You can use the command below the to prepare the data for training the retriever.

  • NCBI-Disease
python preprocess_data.py --dataset dataset/ncbi-disease/ \
                          --train_data train_dev.json \
                          --max_ent_len 64
  • BC5CDR
python preprocess_data.py --dataset dataset/bc5cdr/ \
                          --train_data train.json \
                          --max_ent_len 128
  • COMETA
python preprocess_data.py --dataset dataset/cometa/ \
                          --train_data train.json \
                          --max_ent_len 64

Train Retriever

After the preparation, you can train the retriever with the command below.

  • NCBI-Disease
python run_retriever.py --dataset dataset/ncbi-disease/ \
                        --model model_retriever/ncbi_retriever.pt \
                        --epochs 17 \
                        --gpus 0
  • BC5CDR
python run_retriever.py --dataset dataset/bc5cdr/ \
                        --model model_retriever/bc5cdr_retriever.pt \
                        --epochs 20 \
                        --gpus 0
  • COMETA
python run_retriever.py --dataset dataset/cometa/ \
                        --model model_retriever/cometa_retriever.pt \
                        --epochs 20 \
                        --gpus 0

Pretrain

To improve the reranking performance, you can pretrain the model with the corresponding knowledge base(KB). If you want to train the model directly, please skip to the reranker training step.

  • BC5CDR
python run_pretrain.py --dataset dataset/bc5cdr/ \
                      --model model_pretrain/bc5cdr_pretrain.pt \
                      --epochs 15 \
                      --gpus 0
  • COMETA
python run_pretrain.py --dataset dataset/cometa/ \
                      --model model_pretrain/cometa_pretrain.pt \
                      --epochs 10 \
                      --gpus 0

Train Reranker

After retrieving the candidate entities, you can train the reranker with the command below to get the final answer. If you do not pretrain the model or use our checkpoint, either, the --use_pretrained_model is not needed anymore.

  • NCBI-Disease
python run_disambiguation_prompt.py --dataset dataset/ncbi-disease/ \
                                    --model model_disambiguation/ncbi_disambiguation_prompt_pretrain.pt \
                                    --pretrained_model_path model_pretrain/bc5cdr_pretrain.pt \
                                    --epochs 9 \
                                    --gpus 1 \
                                    --use_pretrained_model
  • BC5CDR
python run_disambiguation_prompt.py --dataset dataset/bc5cdr/ \
                                    --model model_disambiguation/bc5cdr_disambiguation_prompt_pretrain.pt \
                                    --pretrained_model_path model_pretrain/bc5cdr_pretrain.pt \
                                    --epochs 28 \
                                    --gpus 0 \
                                    --use_pretrained_model
  • COMETA
python run_disambiguation_prompt.py --dataset dataset/cometa/ \
                                    --model model_disambiguation/cometa_disambiguation_prompt_pretrain.pt \
                                    --pretrained_model_path model_pretrain/cometa_pretrain.pt \
                                    --epochs 40 \
                                    --gpus 0 \
                                    --use_pretrained_model

prompt-bioel's People

Contributors

lukechen-go avatar imryanxu avatar yaskisoba avatar

Recommend Projects

  • React photo React

    A declarative, efficient, and flexible JavaScript library for building user interfaces.

  • Vue.js photo Vue.js

    ๐Ÿ–– Vue.js is a progressive, incrementally-adoptable JavaScript framework for building UI on the web.
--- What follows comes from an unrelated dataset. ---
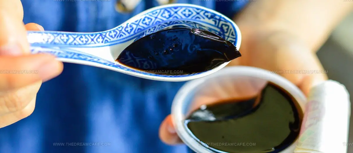 Modern versions replace turtle shell powder with herbal extracts and gelatin, creating a sweet, dark brown dessert with a smooth, slippery texture.

  • Typescript photo Typescript

    TypeScript is a superset of JavaScript that compiles to clean JavaScript output.

  • TensorFlow photo TensorFlow

    An Open Source Machine Learning Framework for Everyone

  • Django photo Django

    The Web framework for perfectionists with deadlines.

  • D3 photo D3

    Bring data to life with SVG, Canvas and HTML. ๐Ÿ“Š๐Ÿ“ˆ๐ŸŽ‰

Recommend Topics

  • javascript

    JavaScript (JS) is a lightweight interpreted programming language with first-class functions.

  • web

    Some thing interesting about web. New door for the world.

  • server

    A server is a program made to process requests and deliver data to clients.

  • Machine learning

    Machine learning is a way of modeling and interpreting data that allows a piece of software to respond intelligently.

  • Game

    Some thing interesting about game, make everyone happy.

Recommend Org

  • Facebook photo Facebook

    We are working to build community through open source technology. NB: members must have two-factor auth.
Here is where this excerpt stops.